Install of XVerseBench

Existing controlled image generation benchmarks often focus on either maintaining identity or object appearance consistency, rarely encompassing datasets that rigorously test both aspects. To comprehensively assess the models' single-subject and multi-subject conditional generation and editing capabilities, we constructed a new benchmark by merging and curating data from DreamBench++ and some generated human images.
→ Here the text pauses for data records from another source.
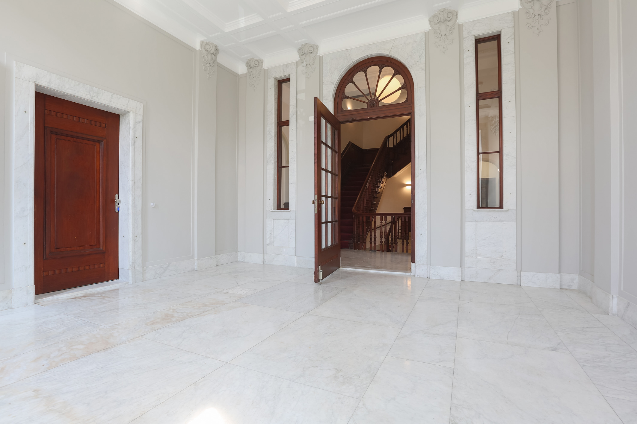 Layout: The entrance to the building leads through a marble floor vestibule into a grand central hall with an authentic monumental staircase. The apartment is located on the third floor and faces south-east. It can be reached either by stairs or by lift. The spacious living/dining room (96 m2) consists of 2 adjacent areas with high ceilings (3,20 m) and a authentic clockwork. The adjacent Next125 high gloss kitchen is equipped with brand new Siemens appliances – among others dishwasher, downdraft induction hob, multifunctional oven, Quooker and a separate microwave oven. The spacious bedroom (30 m2) is accessed from the living room. It has a double box spring bed (1,80 x 2,10 m) and its own luxury bathroom (6 m2) equipped with a bath, a separate shower and lavatory.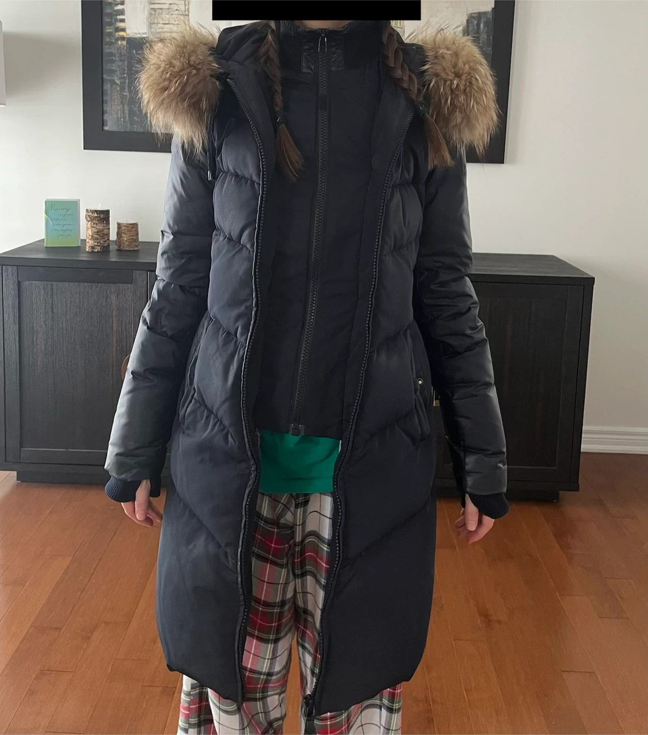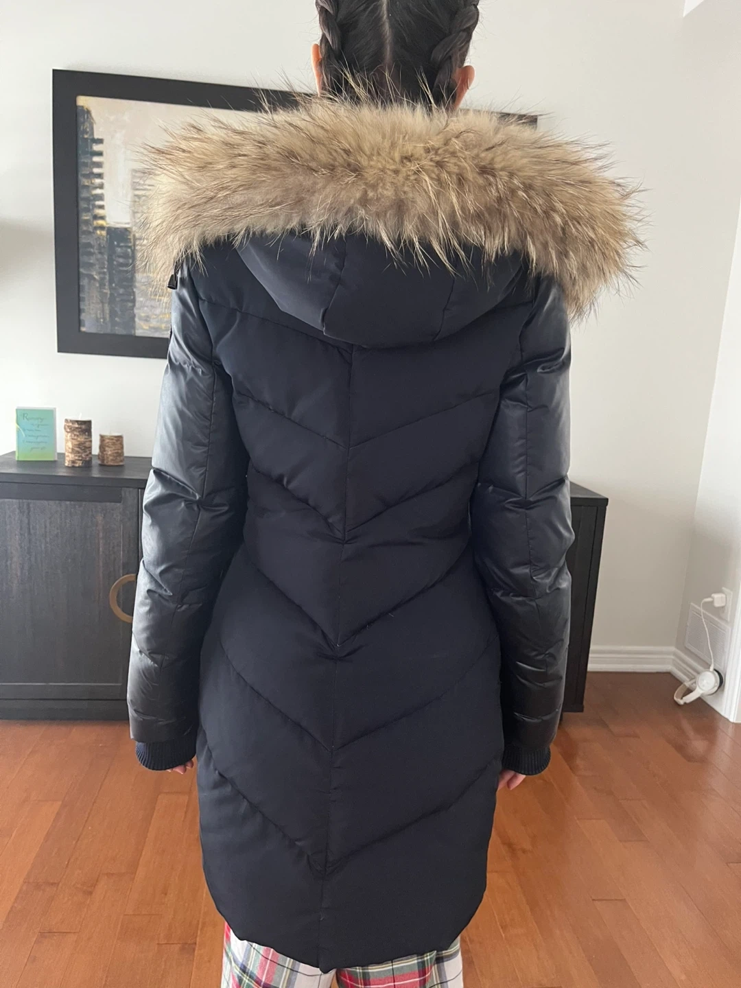 Selling a Rudsak down winter coat in navy blue. The coat features a stylish design with a fur-trimmed hood to keep you warm and cozy
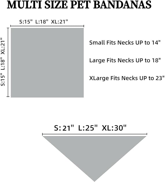 - Adjustable Size: 15*15inches Small fits necks up to 14". 18*18inches Large fits necks up to 18". 21*21inches Xlarge fits necks up to 23". Please measure your pet's neck and leave room to tie knot.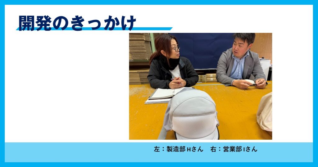 「大洞印刷株式会社様へ営業活動で訪問した際、今使っている作業帽子(他社様の商品)について、使用している方から困りごとの声が出ているとお聞きしたことがきっかけでした。」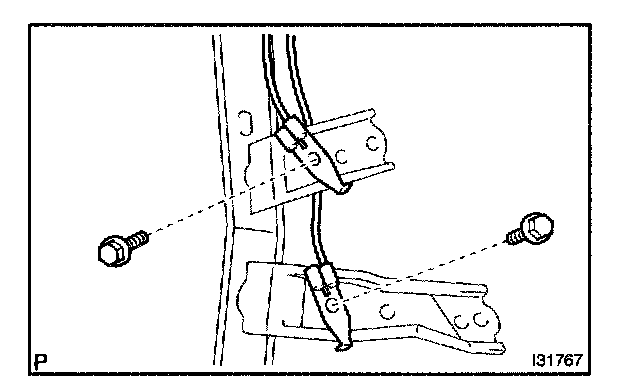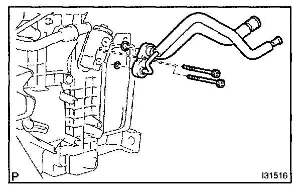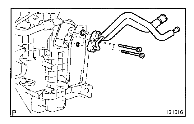 b. Using a hexagon wrench 4 mm (0.16 in.), remove the 2 hexagon bolts and air conditioning tube assembly.

Our resulting benchmark XVerseBench comprises 20 distinct human identities, 74 unique objects, and 45 different animal species/individuals. To thoroughly evaluate model effectiveness in subject-driven generation tasks, we developed test sets specifically for single-subject, dual-subject, and triple-subject control scenarios. This benchmark includes 300 unique test prompts covering diverse combinations of humans, objects, and animals.

XVerseBench

Figure 1. XVerseBench

The above figure shows more detail information and samples for each categories. For evaluation, we employ a suite of metrics to quantify different aspects of generation quality and control fidelity: including DPG score to assess the model's editing capability, Face ID similarity and DINOv2 similarity to assess the model's preservation of human identity and objects, and Aesthetic Score to measure to evaluate the aesthetics of the generated image. XVerseBench aims to provide a more challenging and holistic evaluation framework for state-of-the-art multi-subject controllable text-to-image generation models.

Usage

Download DreamBench++ from https://dreambenchplus.github.io/ and place it into the data/DreamBench++ directory.
Run the following command to rename and segementate the images:
```
python assets/rename.py
python assets/segmentation_sample.py
```

Citation

If XVerseBench is helpful, please help to ⭐ the repo.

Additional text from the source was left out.